Employees must receive at least 22 days of annual leave every year. Workers must have at least a one-year fixed-term contract to earn these days. If their agreement is shorter than one year, they earn leave proportionate to their working term. Annual leave should include standard wages. With consent from the employer, workers can accumulate annual leave up to 44 days.
Sick leave provisions rely on coverage from the National Social Insurance Institute. Employees are covered by social security for up to 1,095 days. The employer is responsible for paying 100 percent of wages for the first three days of sickness. After three days, social security covers 70 percent of earnings for the remaining sick days.
If an employee is sick for more than 30 days, their social security insurance will be reevaluated.
Public holidays are considered rest days in the country. Employees should receive a day off for the following holidays:
- New Year’s Day
- Democracy Day
- Heroes Day
- Labor Day
- Youth Day
- Independence Day
- Assumption Day
- All Saints’ Day
- Christmas Day
Employers are not required to provide pay during these rest days. If an employee works on a public holiday, they must earn their standard wages at a minimum.
Much like sick leave, social security covers maternity benefits for female workers. An insured worker earns 60 days of coverage for delivering a child, and there is no specification for how an employee uses these days. An employer may include more details about taking maternity leave in CBAs or internal regulations.
The National Social Insurance Institue will cover maternity leave at 90 percent of the previous month’s earnings or the average earnings of the past four months — whichever amount is greater. The employer is responsible for covering the difference between an employee’s wages and social security coverage.
If an employee is not insured, the employer is responsible for covering the entirety of maternity leave.
Termination and Severance
There are several types of termination, and severance plays a role in specific circumstances. In the case where both parties terminate the contract mutually, severance is not required. Notice policy is 15 days for every year of service. Employers can also provide payment equal to the days of notice for immediate termination.
Employees can terminate their contract at any time with the appropriate notice. Employers may terminate an employee with grounds for dismissal, including:
- Regular disobedience
- Harmful behaviors
- Repeated conflict
- Intoxication at work
- Lack of proper hygiene
- Neglect of duties
- Unjustified absences
When an employer has grounds for dismissal, they must provide a 40-day warning with their reasoning. The worker has five days to respond to the warning and change their actions.

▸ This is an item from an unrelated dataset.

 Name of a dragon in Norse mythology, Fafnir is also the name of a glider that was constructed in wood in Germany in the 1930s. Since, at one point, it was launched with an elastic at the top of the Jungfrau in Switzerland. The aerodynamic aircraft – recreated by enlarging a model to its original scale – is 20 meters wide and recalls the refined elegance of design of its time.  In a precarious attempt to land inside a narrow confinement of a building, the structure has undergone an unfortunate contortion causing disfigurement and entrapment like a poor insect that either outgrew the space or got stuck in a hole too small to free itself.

An objective cause for dismissal revolves around changes at work that an employee can’t keep up with. These instances include:
- Extinction of position
- Incapacity to perform work
- Inability to perform work after organizational changes and training
For objective cause, employers must offer severance pay. Collective dismissal, or the termination of two or more employees, also requires severance pay. In these instances, the employer must terminate multiple contracts in the case of redundancy, company closure, or economic reasons.

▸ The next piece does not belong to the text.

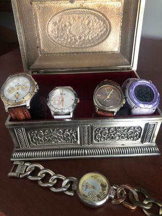In vendita orologi, uno da uomo e gli altri da donna, l'orologio digitale viola in omaggio, tutti funzionano senza problemi, i prezzi dipendono dal modello, il portagioie bianco in omaggio, l'altro argentato molto bello vale 15 euro, anche la bigiotteria il prezzo varia, meglio chiedere. Portagioie di metallo con dettagli ornamentali. Orologio con cinturino in pelle marrone e quadrante bianco. Orologio con cinturino in pelle marrone e quadrante bianco con orsetto. Orologio con cinturino in pelle marrone e quadrante marrone. Orologio digitale viola. Orologio con grandi maglie e quadrante decorato.

Employers must document any form of termination with their signature and a signature from the involved employee.
Income tax has three percentage levels based on annual earnings, and employers must withhold these taxes from employee paychecks. Taxes also include social security contributions for insured workers.
With health coverage under the National Social Insurance Insitute, employers are not required to provide private health insurance.
Bonuses and Additional Benefits
The labor laws in Cabo Verde do not describe required bonuses or additional benefits for employees. Employers may provide more through CBAs or internal regulations.